Conversation: A History of a Declining Art

Sadly yet another example of a full length book best suited for an article. Choppy and ungraceful writing like “There were nine people at the Socrates Cafe I attended– six women of various ages and three men (also of various ages).” Also ridiculous sentences like “Should women belong to the conversible world?” — positing an opinion he agrees with but hiding behind it as a question to deflect any blowback from this admission. Chockablock filled with references designed to make you swoon at the size of Miller’s brain: Hume, Swift, Montaigne, Plato, Socrates, Woolf, Johnson, Boswell. But then he includes hip misogynists like Henry Miller and Eminem to let you know he’s an academic on the outside but cool on the inside. The only valuable thing I got from perusal of this article that was stretched into a 313 page book is learning about Esther Johnson, a friend of Jonathan Swift who lived in Dublin, 14 years younger than Swift. She’s described in Swift’s “On the Death of Mrs. Johnson” (1728) as a lively woman (Miller deems this “unusual” of course), “Never was any of her sex born with better gifts of the mind, or more improved them by reading and conversation.”
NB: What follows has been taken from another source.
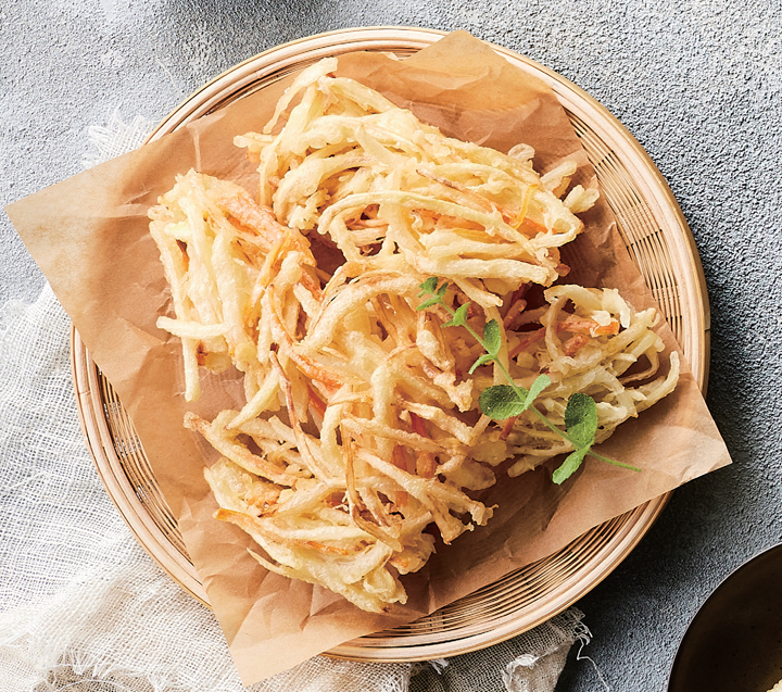 ⑤ 튀김 팬에 식용유를 적당량 넣고 채소 반죽을 한 젓가락씩 떼어 넣고 노릇하게 튀긴다.

Found by way of Jacoby’s Age of American Unreason which piqued my interested with what was referred to as conversation avoidance devices. Miller’s book was pub’d in 2008, and is almost laughingly outdated with its references to ipods as the conversation avoidance devices du jour. He also includes a clunky explanation, “Blog, as most people know, is short for weblog.” If most people already know that, I wonder why he had to parenthetically intrude an explanation… oh right, beefing up the word count! Miller writes about the Japanese youth who spend “countless hours on their wireless cell phones (keitai), which serve as a laptop computer, personal digital assistant, digital music player, and video game unit rolled into one. Many young Japanese… are keitai addicts, oblivious to the world around them.” The world of digital screens overtaking our entire population was just dawning, one can almost yearn for those simpler times.